Le Vaccin Bexsero, qui protège les nourrissons contre méningococcie invasive (EMI), est actuellement administré selon un schéma thérapeutique 3 + 1, mais après avoir examiné les données d'une étude récente dans laquelle différentes règles d'administration ont été évaluées, l'EMA (Agence européenne des médicaments) a approuvé calendrier d'administration réduitdans lesquels la vaccination commencerait à trois mois, avec un intervalle minimum de deux mois entre la première et la deuxième dose.

Thomas Breuer, vice-président et médecin en chef de GSK Vaccines, a déclaré qu’une réduction de quatre à trois (2 + 1) doses nécessaires pour achever le cycle de vaccination du protéger les nourrissons contre infection par la méningite B, obtenir une réponse immunitaire similaire, est une nouvelle option plus facile pour les enfants et réduit également les coûts.

La réduction du nombre de doses de Bexsero au cours de la première année de vie du bébé favorise le respect du calendrier de vaccination.

Avant d'adopter la recommandation de vacciner avec le schéma 2 + 1, une étude a été menée au Brésil, en Espagne, en Hongrie et au Pérou, dans laquelle différents modes d'administration du vaccin chez des bébés en bonne santé ont été analysés. à partir de trois mois.

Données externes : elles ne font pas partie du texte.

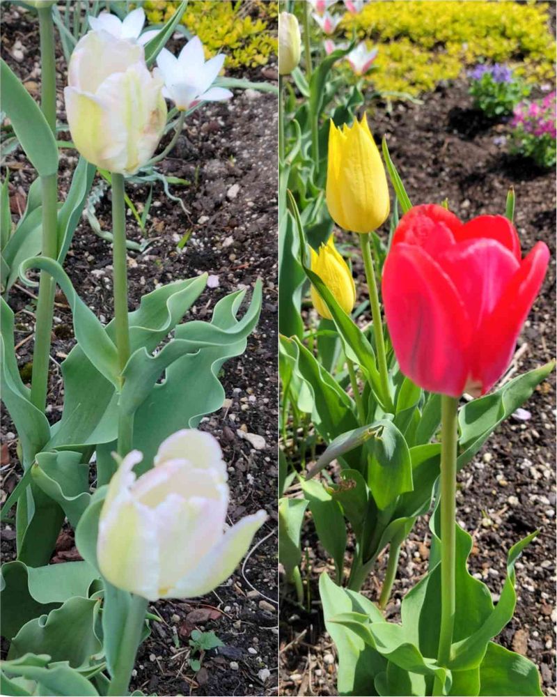先に原種のチューリップが咲いて、その後大きいチューリップたちが咲いてくれました🌷🌷
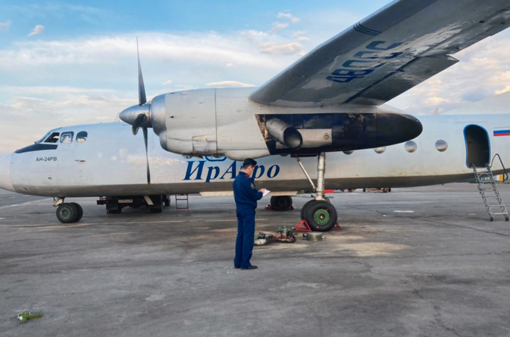 На фото: самолет Ан-24 АК «ИрАэро», севший в аэропорту Иркутска в июне 2022 года с загоревшимся крылом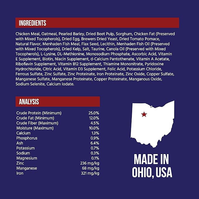 - EFFICIENT SOURCES OF ENERGY - premium chicken fat, canola oil and healthful, whole grains for sustainable energy.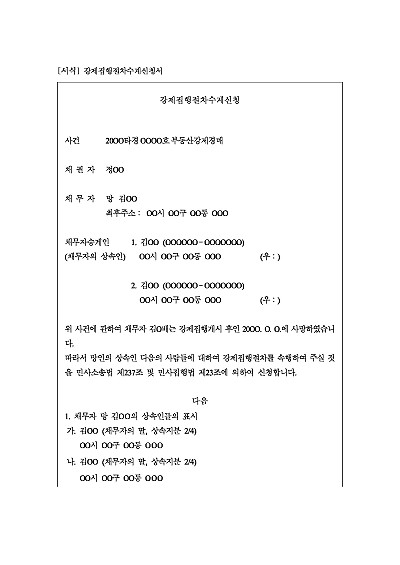 주요내용 : 강제집행개시 후 채무자 사망, 망인의 상속인으로 상대로 강제집행절차의 속행을 구하기 위한 목적으로 사용되어지는 신청서 양식임. 단 무단전재 방지목적으로 PDF 파일로 올리니, 구매하신 후 혹 원본 파일이 필요하신 분들은 톡이나 문자, 메일, 전화 등을 주시면 작성방법 등에 대한 간단한 무료상담과 함께 원본 파일을 보내드리도록 하겠습니다.

Federico Martinón-Torres, chef du service de pédiatrie de l'hôpital clinique de Santiago et auteur principal de l'ouvrage, a expliqué que, comme les doses sont moins fortes au cours de la première année de vie, il est plus facile de respecter le calendrier de vaccination, mais aussi associé, et il est également plus facile d’inscrire le médicament dans le calendrier de vaccination.

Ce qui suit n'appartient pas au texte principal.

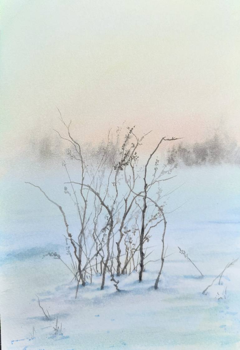 The bare bush that resists cold and winter conditions displays the scene of beauty in perseverance. I worked on 23×15cm 300 gr/m2 saunders waterford professional watercolor paper.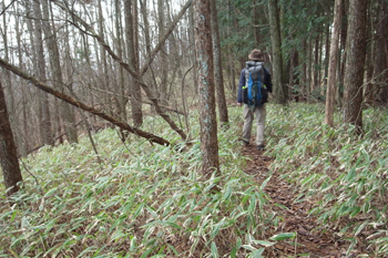 笹ヶタワノ峰の山頂からさらに緩やかに高度を落として行く、その道がまさに笹の原であった。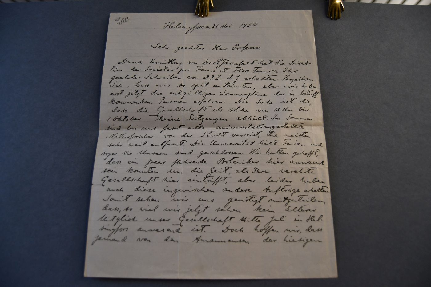 Beschreibung Durchgehende Längs- und Querfalze. 1 1/4-seitiges handschriftliches Schreiben vom 31.5.1924. Ekman teilt mit dass für eine angekündigte Reisegesellschaft kein Botaniker aus Helsinki zur Verfügung stehen kann, da diese in den Sommerferien alle anderweitig gebunden sind..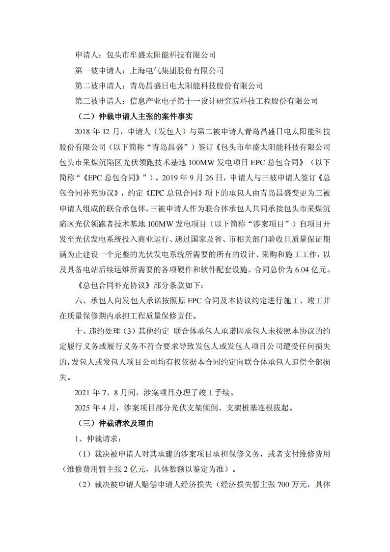 事件原由:2018 年 12 月,牟盛太阳能与第二被申请人青岛昌盛日电太阳能科技股份有限公司(以下简称“青岛昌盛”)签订《包头市牟盛太阳能科技有限公司包头市采煤沉陷区光伏领跑技术基地 100mw 发电项目 epc 总包合同》。2019 年 9 月 26 日,牟盛太阳能与三被申请人签订《总包合同补充协议》,约定《epc 总包合同》项下的承包人由青岛昌盛变更为三被申请人组成的联合承包体。三被申请人作为联合体承包人共同承接包头市采煤沉陷区光伏领跑者技术基地 100mw 发电项目自项目开发至光伏发电系统投入商业运行、通过国家及省、市相关部门验收且质量保证期满为止建设一个完整的光伏发电系统所需要的所有的设计、采购和施工工作,以及具备电站后续运维所需要的各项硬件和软件配套设施。合同总价为 6.04 亿元。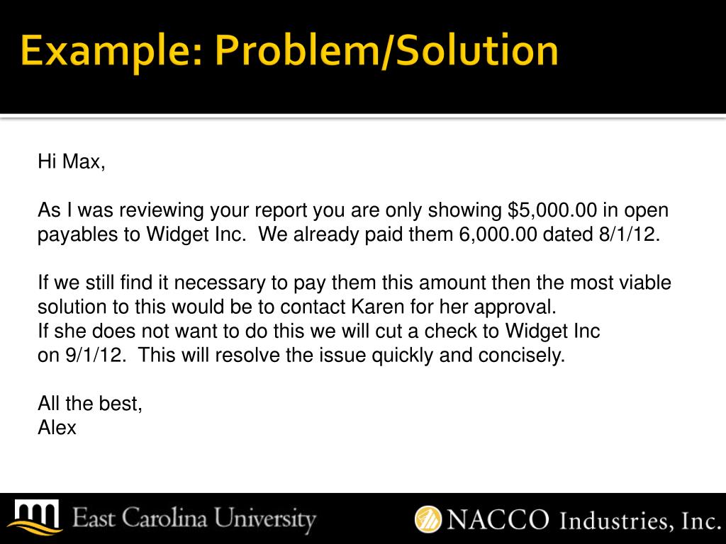Example: Problem/Solution Hi Max, As I was reviewing your report you are only showing $5,000.00 in open payables to Widget Inc. We already paid them 6,000.00 dated 8/1/12. If we still find it necessary to pay them this amount then the most viable solution to this would be to contact Karen for her approval. If she does not want to do this we will cut a check to Widget Inc on 9/1/12. This will resolve the issue quickly and concisely. All the best, Alex

Méningocoque B rare, mais grave

La méningococcie invasive due au sérogroupe B, ou méningite B, est une pathologie rare, qui affecte principalement nourrissons et enfants de moins de cinq ans, et cela peut devenir grave, et même causer la mort en seulement 24 heures, car son évolution est rapide. Ses premiers symptômes tendent à ressembler à ceux de la grippe et c’est pourquoi son diagnostic n’est parfois pas aisé.

On estime qu'un patient sur 10 meurt même en recevant le traitement approprié et qu'environ 10% des survivants de la maladie ont d'importantes séquelles physiques ou neurologiques, telles qu'une perte de membre ou de l'ouïe, ou des convulsions. En ce qui concerne les effets indésirables les plus fréquents chez les patients qui ont reçu le vaccin, il existe un gonflement et une douleur dans la zone d'injection, une diarrhée, des maux de tête, des articulations ou des muscles, de la fatigue et des frissons.

Question Period: Natural resource development bills, universal pharmacare — June 12, 2019 (Août 2019).